04.17.2022 Mayflower

Also known as Trailing Arbutus-Epigaea repens flowers well before May as evidenced under our side yard Hemlock currently. It got its name because it is among the earliest of spring flowers but generally appears before the actual month it is named for.  In 1918, after failing to come up with a state flower, the legislature allowed the Massachusetts schoolchildren to select a name and they chose the Mayflower. Some credit the ship that brought the first Europeans to Massachusetts for the name but that isn’t the case.
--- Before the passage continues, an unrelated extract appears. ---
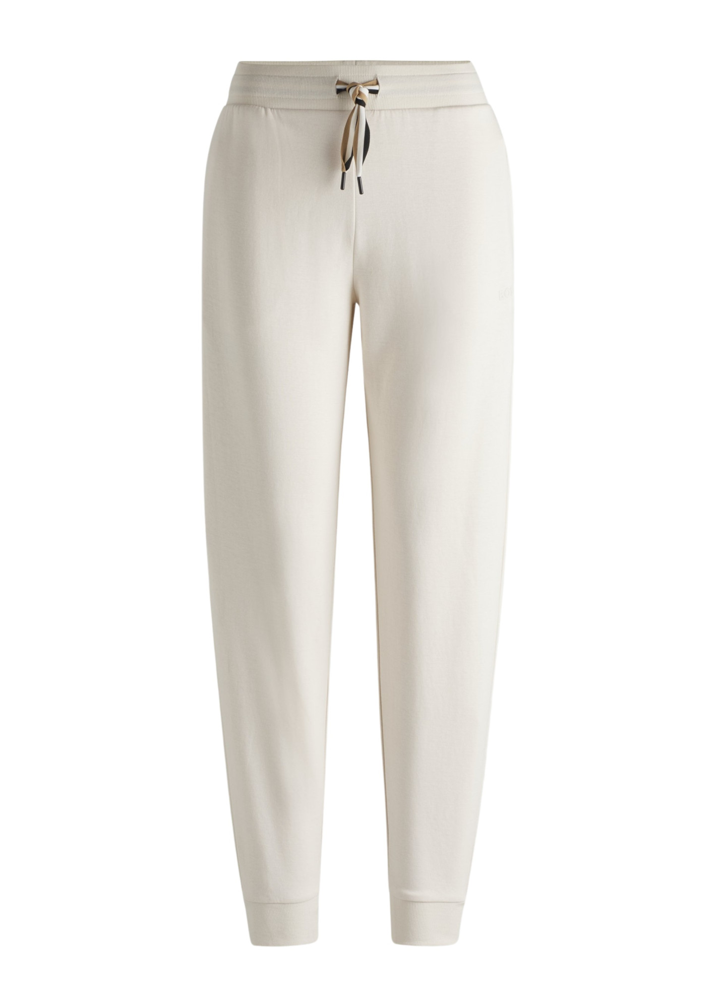Зручні спортивні штани від BOSS виконані із якісної тканини із високим вмістом бавовни. Модель з манжетами, має фірмовий шнурок із смужками. Комфортний домашній одяг.

I purchased ours from Nasami Farm, a the western branch of the New England Wildflower Society garden shop.  As far as I know removing them from the wild is illegal but taking any wild plant is bad practice and, in most cases, illegal as well. Trailing Arbutus is a member of the Heath family and related to blueberries and cranberries.

About Steve Gingold

I am a Nature Photographer with interests in all things related. Water, flowers, insects and fungi are my main interests but I am happy to photograph wildlife and landscapes and all other of Nature's subjects.
This entry was posted in Amherst, Closeup Photography, Flora, macro photography, Nature Photography, Western Massachusetts, Wildflowers and tagged , , , , , , , , , , , , , . Bookmark the permalink.

19 Responses to 04.17.2022 Mayflower

  1. melissabluefineart says:

    This isn’t one I’m familiar with. I suppose it lives in boggy areas?

    Liked by 1 person

  2. All those little white hairs—if that’s what they are—surrounding the center of each flower add good photographic texture.

    Liked by 1 person

  3. Eliza Waters says:

    Sadly, they are rare in the wild these days. Beautiful photo!

    Liked by 1 person

  4. Ms. Liz says:

    Lovely flower and story!

    Like

  5. krikitarts says:

    Another new one for me too, and a real beauty.

    Liked by 1 person

  6. shoreacres says:

    I had no idea Trailing Arbutus is a flower. I came to know ‘him’ as a character in the comic strip Gordo; Trailing Arbutus was the grandson of Gordo’s housekeeper Alicia Contreras de Ortiz, better-known as Tehuana Mama. In 1950s Iowa, Gordo was our introduction to Mexico, and the strip was much beloved.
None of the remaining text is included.